James Siena

b. 1957 in Oceanside, CA; lives in New York, NY


 

James Siena creates intricate geometric patterns from what he describes as self-imposed, predetermined sets of rules, or “visual algorithms.” He works across a broad range of media, with printmaking, drawing, and painting at the center of his practice.  

Siena was invited to create the 2012 Collectors Club print, resulting in the elegant lithograph Sagging Infected Triangular Grid. He explains the process and his singular handling of geometric forms this way:  

The triangular grid image is something I’ve been exploring for a few years now. It’s an interactive procedure that makes the image: 1. Draw a diagonal line connecting two opposite corners of the rectangle (making two triangles). 2. Draw a perpendicular line from the hypotenuse of each triangle that intersects the vertex of the two remaining sides (making four triangles). 3. Repeat. Sounds simple, and it is, but complexities arise when move #2 is repeated many, many, many times, and it becomes harder to keep track of whether or not the move is made consistently across the field of ever increasing triangles. That is the human side of the thing. I’m sure programmers can devise algorithms that can do this perfectly, but that’s not the point, and in this print, the process is further corrupted and made human by the sagging of the grid (a unidirectional distortion approximating gravity and weight), and the “infection” of the intersections (locking the grid together in one plane, turning triangles into cells).” 

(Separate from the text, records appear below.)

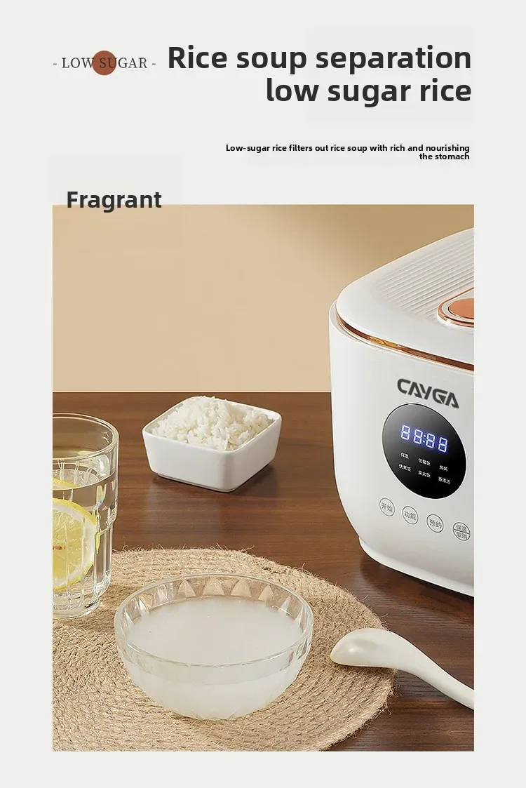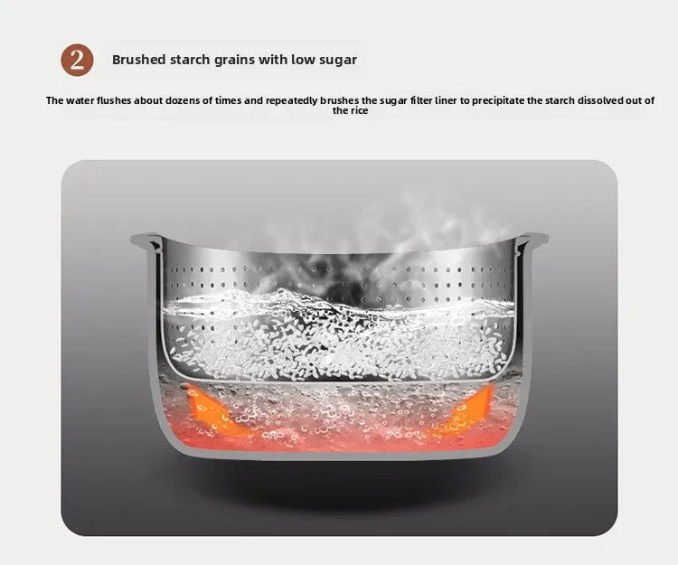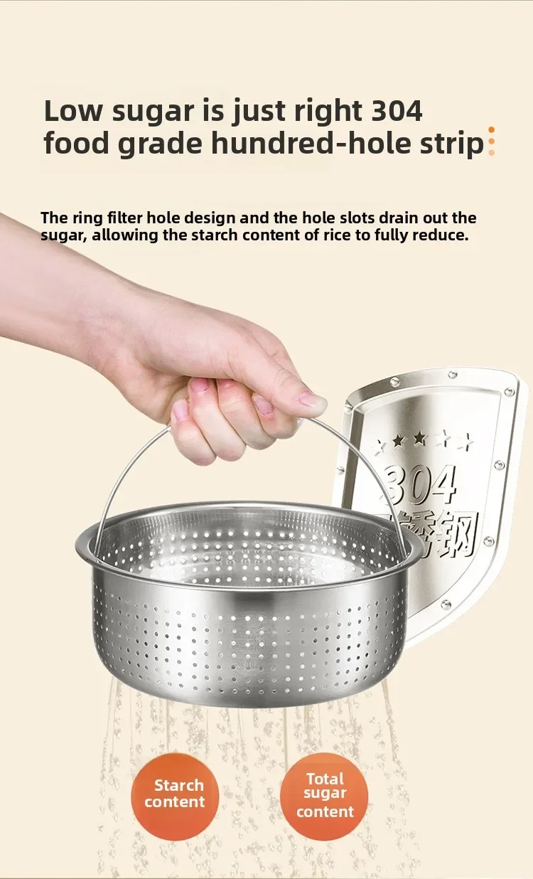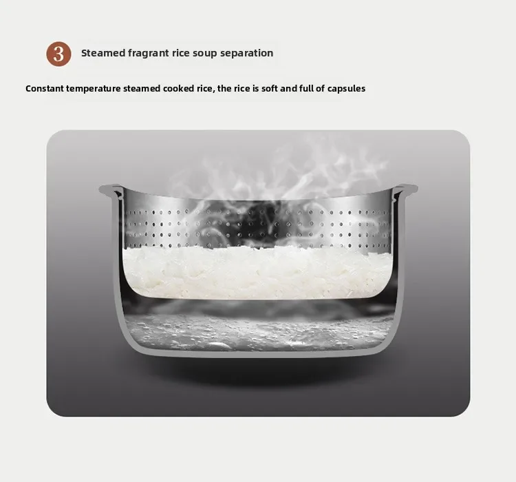 Rice soup separation technology: Through an in-designed design, rice soup can be accurately separated from rice during cooking. This can not only reduce the starch content in rice, but also be very friendly to people who are concerned about their health and need to control their sugar intake. It also allows people who like to drink rice soup to enjoy the original rice soup.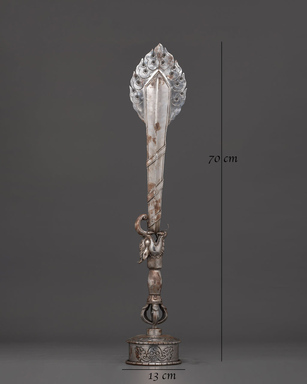 This Dragon-Head Ritual Sword with Stand features a beautiful, wrought iron blade adorned with classic Tibetan symbols, designed to invoke great spiritual energy. This ceremonial item, which stands 70 cm tall and 13 cm wide, features a half vajra at the base, a fearsome dragon head, and a dynamic flame pattern at the top, all of which express change, divine wisdom, and protection. This sacred sword has long been employed in Buddhist ceremonies and energy-clearing techniques, making it an ideal complement to any spiritual altar, meditation room, or ceremonial setting.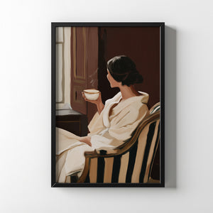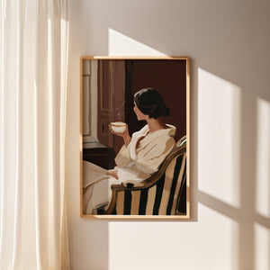 A warm cup in hand and light filtering through the window create a moment of gentle reflection.

Siena’s work is held in numerous prestigious public and private collections, including the Hammer Museum, University of California, Los Angeles; Herbert F. Johnson Museum of Art, Cornell University, Ithaca, New York; The Metropolitan Museum of Art, New York; Milwaukee Art Museum, Wisconsin; Museum of Fine Arts, Boston; The Museum of Modern Art, New York; San Francisco Museum of Modern Art; Whitney Museum of American Art, New York; and Yale University Art Gallery, New Haven, among others.